- Danby Township Location within Michigan Danby Township Location within the United States
- Coordinates: 42°48′16″N 84°53′8″W﻿ / ﻿42.80444°N 84.88556°W
- Country: United States
- State: Michigan
- County: Ionia

Area
- • Total: 36.1 sq mi (93.5 km^{2})
- • Land: 35.3 sq mi (91.5 km^{2})
- • Water: 0.81 sq mi (2.1 km^{2})
- Elevation: 748 ft (228 m)

Population (2020)
- • Total: 2,953
- • Density: 83.6/sq mi (32.3/km^{2})
- Time zone: UTC-5 (Eastern (EST))
- • Summer (DST): UTC-4 (EDT)
- FIPS code: 26-19720
- GNIS feature ID: 1626158
- Website: https://www.danbytownship.org/

= Danby Township, Michigan =

Danby Township is a civil township of Ionia County in the U.S. state of Michigan. The population was 2,953 at the 2020 census.

==Geography==
According to the United States Census Bureau, the township has a total area of 36.1 sqmi, of which 35.3 sqmi is land and 0.8 sqmi (2.22%) is water.

==History==
Danby Township was established in 1845.

==Demographics==
As of the census of 2000, there were 2,696 people, 914 households, and 762 families residing in the township. The population density was 76.4 PD/sqmi. There were 938 housing units at an average density of 26.6 /sqmi. The racial makeup of the township was 97.89% White, 0.22% African American, 0.37% Native American, 0.33% Asian, 0.19% from other races, and 1.00% from two or more races. Hispanic or Latino of any race were 0.82% of the population.

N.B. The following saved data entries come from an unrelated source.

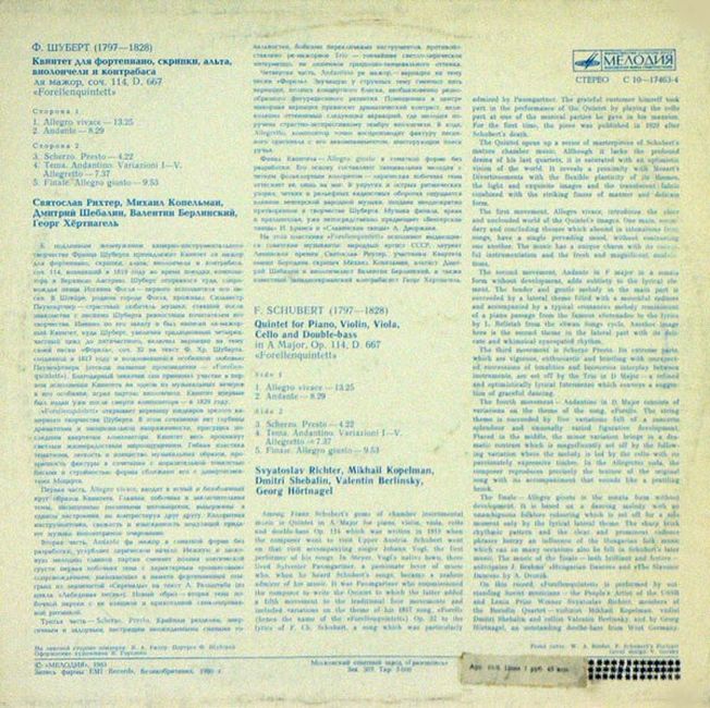 Franz Schubert - Sviatoslav Richter • Mikhail Kopelman • Dmitri Shebalin • Valentin Berlinsky • Georg Hortnagel – Forellenquintett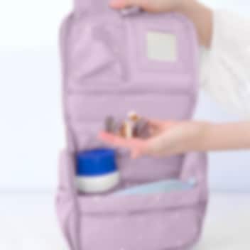 Tutete Stars Lilac kaunis, kvaliteetne ja ruumikas, riputatav tualett-tarvete kott lastele. Pastelses toonis väikeste tähekestega tualetikotis on mitmeid erinevaid lukuga või takjapaelaga avatavaid taskuid hügieenitarvete ärapaigutamiseks, lukuga tasku tagaküljel ning praktiline riputuskonks koti nagisse riputamiseks. Koti seest leidub väike peegel ning koti peal on sang mugavaks kandmiseks ja tõstmiseks. Tualetikott on vooderdatud ning valmistatud lihtsalt puhastatavast vetthülgavast materjalist. Ilus ja praktiline laste tualetikott nii reisile kaasa võtta kui kodus kasutamiseks, mis on sobilik igas vanuses lastele.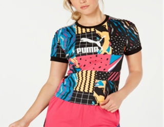 Puma Women's Clash Printed Cropped T-Shirt Black Size X-Large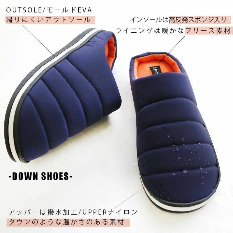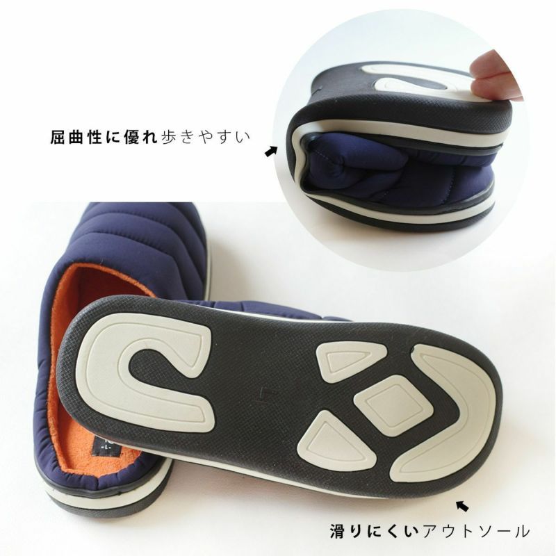 外履きはもちろん室内履きやアウトドアなどにも使える!気軽にスポッ!と履けダウンのような表情に内側フリース素材で、足元あたたか!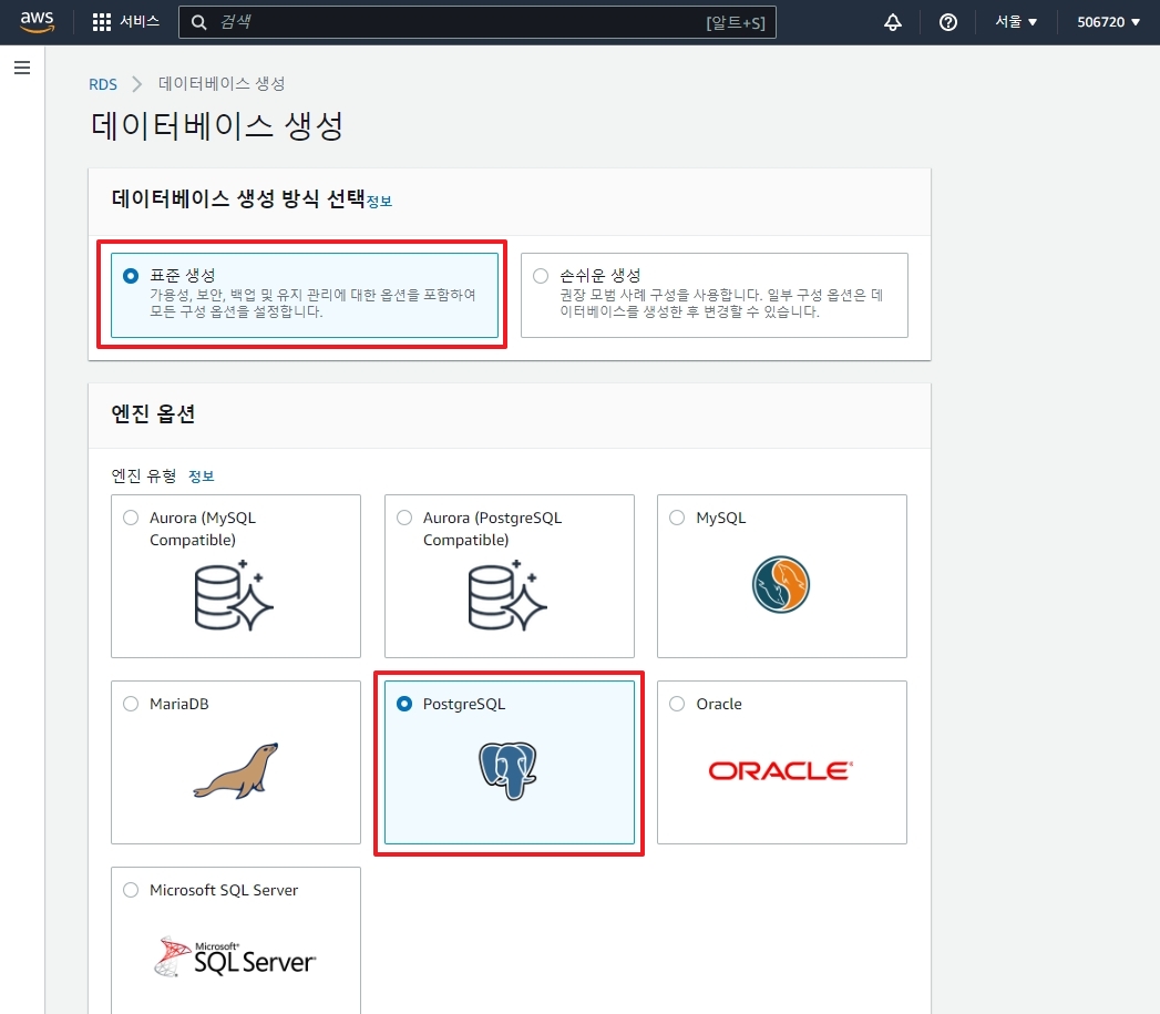 5. 데이터베이스 생성 >> 표준생성 선택 - PostgreSQL 선택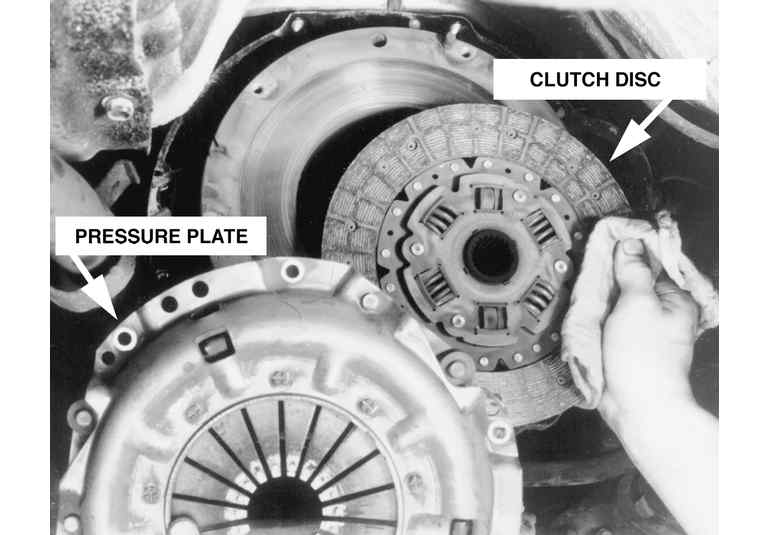 NOTE: Do not disassemble either the clutch cover or disc. Inspect the parts for wear or damage and replace any parts as necessary. Replace the clutch disc if there is any oil or grease on the facing. Do not wash or attempt to lubricate the throwout bearing. If it requires replacement, the bearing may be removed and a new one installed in the holder by means of a press.

There were 914 households, out of which 41.7% had children under the age of 18 living with them, 74.0% were married couples living together, 6.1% had a female householder with no husband present, and 16.6% were non-families. 13.5% of all households were made up of individuals, and 4.0% had someone living alone who was 65 years of age or older. The average household size was 2.94 and the average family size was 3.23.

In the township the population was spread out, with 29.4% under the age of 18, 7.9% from 18 to 24, 30.3% from 25 to 44, 23.7% from 45 to 64, and 8.6% who were 65 years of age or older. The median age was 36 years. For every 100 females, there were 99.7 males. For every 100 females age 18 and over, there were 104.4 males.

The median income for a household in the township was $55,662, and the median income for a family was $58,750. Males had a median income of $42,895 versus $28,255 for females. The per capita income for the township was $21,574. About 0.4% of families and 0.9% of the population were below the poverty line, including none of those under age 18 and 1.1% of those age 65 or over.